:: Instructions to follow ::
Produce a verbatim copy of the data below that contains no pictures.
(Supplied information)
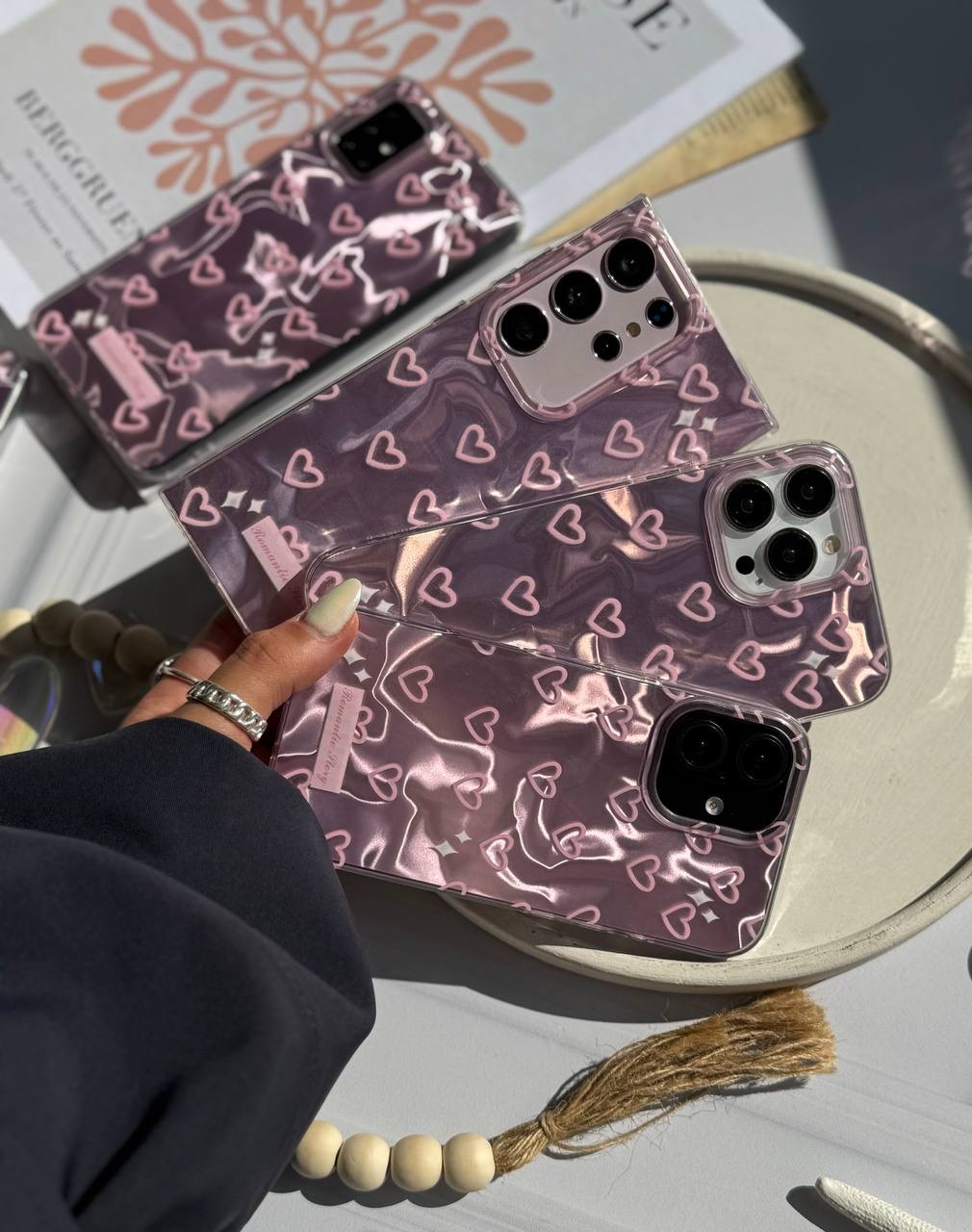 قاب موج قلبی صورتی هولوگرامی آیفون،سامسونگ و شیائومی
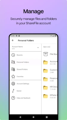 -Download and upload files between your ShareFile account and mobile device in foreground.
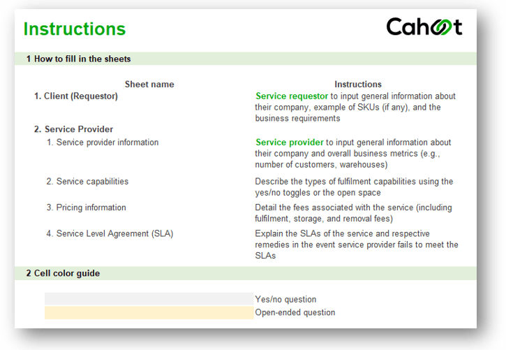Cahoot is an ecommerce order fulfillment network that helps merchants across many marketplaces and channels – from Amazon to Walmart to branded websites like Shopify & Big Commerce. This gives us special insights into what makes a 3PL partnership successful. We understand the frustration of brainstorming the details in an RFP and we’ve assembled a template to make sure you’re asking the right questions to a potential 3PL partner. In this file, you’ll get the questions you need to ask on:
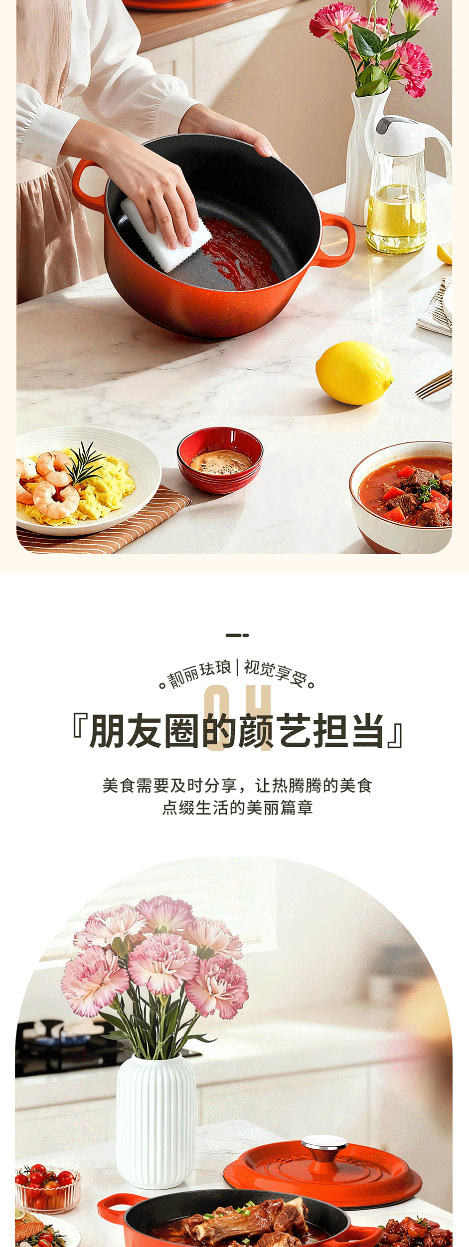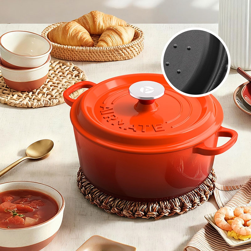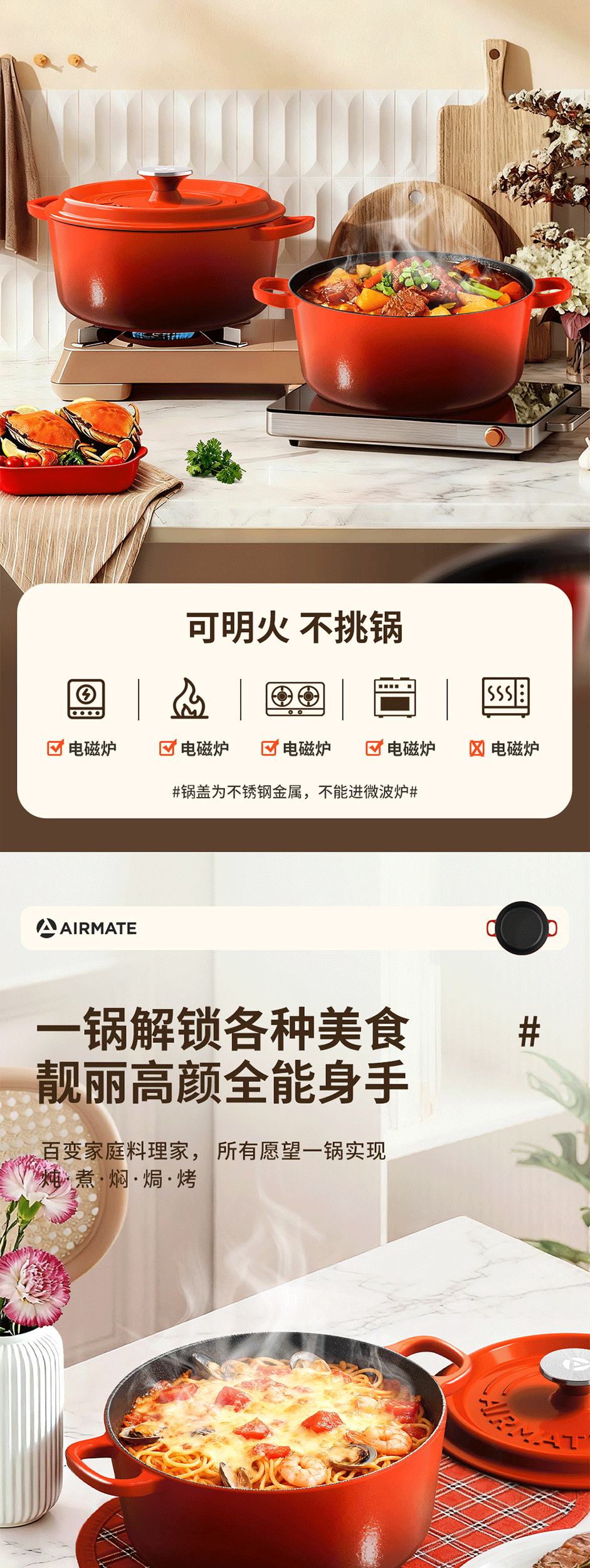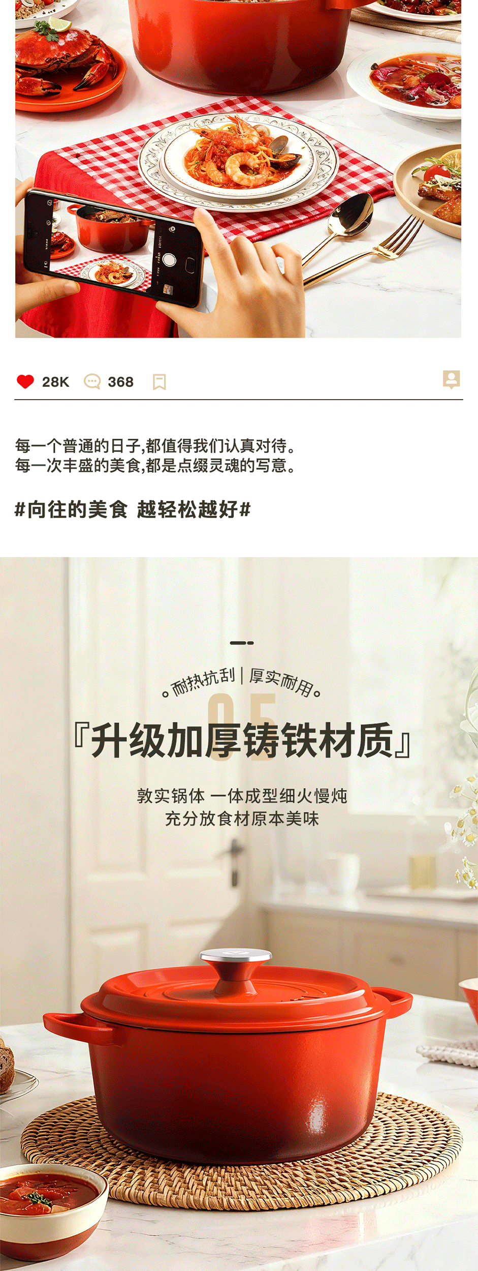 铸铁材质,受热均匀,经久耐用;可用于炖、煲、焖、煎、炒、烤等多种烹饪方式;铸铁材质,受热均匀,经久耐用
(End Supplied information)
:: Expected answer ::
 قاب موج قلبی صورتی هولوگرامی آیفون،سامسونگ و شیائومی
 -Download and upload files between your ShareFile account and mobile device in foreground.
Cahoot is an ecommerce order fulfillment network that helps merchants across many marketplaces and channels – from Amazon to Walmart to branded websites like Shopify & Big Commerce. This gives us special insights into what makes a 3PL partnership successful. We understand the frustration of brainstorming the details in an RFP and we’ve assembled a template to make sure you’re asking the right questions to a potential 3PL partner. In this file, you’ll get the questions you need to ask on:
 铸铁材质,受热均匀,经久耐用;可用于炖、煲、焖、煎、炒、烤等多种烹饪方式;铸铁材质,受热均匀,经久耐用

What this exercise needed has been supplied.